Sofnolime with Different Water Content Causes Different Effects in Two Sevoflurane Inhalational Induction Techniques with Respect to the Output of Compound-A

Shu-jie Liu, Yue Li, Bo Sun, Chang-song Wang, Yu-lei Gong, Yan-mei Zhou, En-you Li Corresponding address

Department of Anesthesiology, First Affiliated Hospital of Harbin Medical University, Harbin, 150001, China.

This is an open access article distributed under the terms of the Creative Commons Attribution (CC BY-NC) License. See http://ivyspring.com/terms for full terms and conditions.
How to cite this article:
Liu Sj, Li Y, Sun B, Wang Cs, Gong Yl, Zhou Ym, Li Ey. Sofnolime with Different Water Content Causes Different Effects in Two Sevoflurane Inhalational Induction Techniques with Respect to the Output of Compound-A. Int J Med Sci 2012; 9(6):435-440. doi:10.7150/ijms.4436. Available from http://www.medsci.org/v09p0435.htm

Abstract

Objective: During sevoflurane anesthesia with Sofnolime for CO2 absorption, the factors affecting the production of compound A (a chemical is nepherotoxic) are still not clear. This study is designed to investigate the effects of different fresh gas flow during induction, the vital capacity induction (VCI) vs. the tidal volume breath induction (TBI) on the compound-A production with a fresh Sofnolime or a dehydrated Sofnolime using a simulated lung model.
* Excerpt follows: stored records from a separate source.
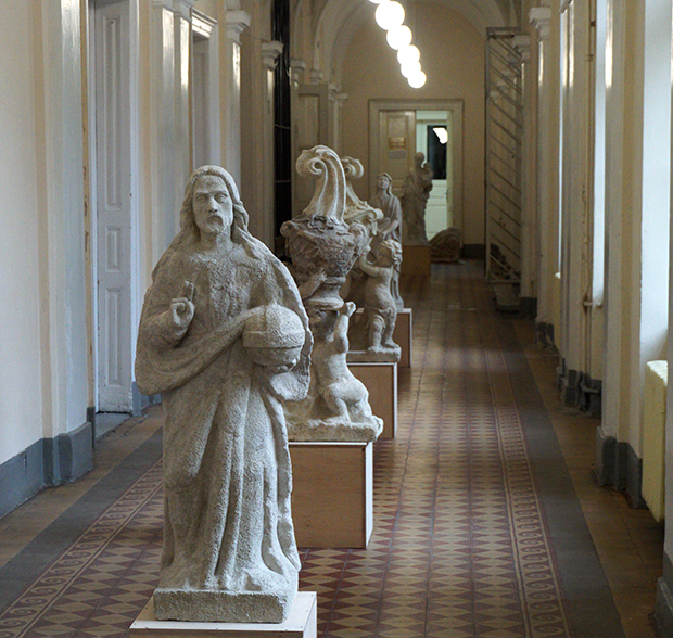 В окремих кімнатах – копії античних зразків і навчальні моделі, що поєднують освітню функцію та музейну вартість. Скульптури, розкидані між корпусами, вступають у діалог не лише між собою, а й з архітектурним середовищем. Давні образи «спілкуються» із сучасними формами, реставровані фрагменти – із новими, сміливими інтерпретаціями. Цей діалог перетворюється на розмову про руйнування й оновлення, де саме простір стає головним медіатором, хоч і мовчазним.
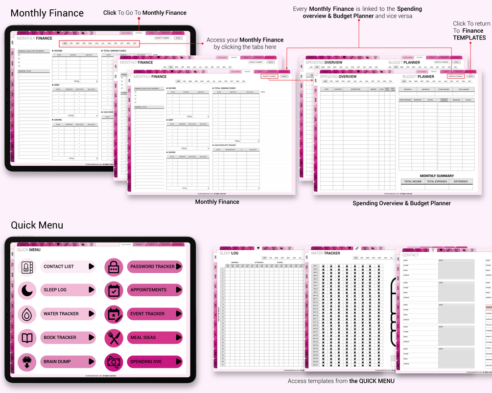 Purchase Tracker / Wish List / Subscription Tracker / Afterpay Tracker / Monthly Finance / Spending Overview / Budget Planner / Yearly Finance Overview / No Spend Challenge / Debt Snowball Tracker / Bank Account / Saving Tracker / Bill Payment / Sinking Funds
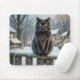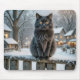 A fluffy black cat with striking yellow eyes sits atop a snow-dusted wooden fence, surrounded by a picturesque winter village

Method: The experiments were randomly divided into four groups: group one, VCIf, vital capacity fresh gas inflow with fresh Sofnolime; group two, TBIf, tidal volume breath fresh gas inflow with fresh Sofnolime; group three, VCId, vital capacity fresh gas inflow with dehydrated Sofnolime, and group four, TBId, tidal volume breath fresh gas inflow with dehydrated Sofnolime. The inspired sevoflurane was maintained at 8%, the concentrations of compound-A were assayed using Gas-spectrum technique, and Sofnolime temperatures were monitored at 1-min intervals throughout the experiment.
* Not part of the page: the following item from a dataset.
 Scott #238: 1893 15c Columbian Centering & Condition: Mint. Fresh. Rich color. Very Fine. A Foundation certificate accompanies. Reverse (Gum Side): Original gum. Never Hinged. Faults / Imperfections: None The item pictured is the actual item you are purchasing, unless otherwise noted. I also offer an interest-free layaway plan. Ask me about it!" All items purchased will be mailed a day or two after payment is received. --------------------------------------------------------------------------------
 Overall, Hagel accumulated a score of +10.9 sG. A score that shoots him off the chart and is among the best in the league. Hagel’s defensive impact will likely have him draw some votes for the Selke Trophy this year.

Results: The mean and maximum concentrations of compound A were significantly higher in the vital capacity group than the tidal volume breath group (P<0.01). At the beginning of anesthesia maintenance, the compound-A concentration in group VCIf was 36.28±6.13 ppm, which was significantly higher than the 27.32±4.21 ppm observed in group TBIf (P<0.01). However, these values decreased to approximately 2 ppm in the dehydrated Sofnolime groups. Sofnolime temperatures increased rapidly in the dehydrated Sofnolime groups but slowly in the fresh Sofnolime groups.

Conclusion: With fresh Sofnolime, vital capacity induction increased compound-A production in the circuit system compared with tidal volume breath induction. However, with dehydrated Sofnolime, the effects of the two inhalation induction techniques on compound-A output were not significantly different.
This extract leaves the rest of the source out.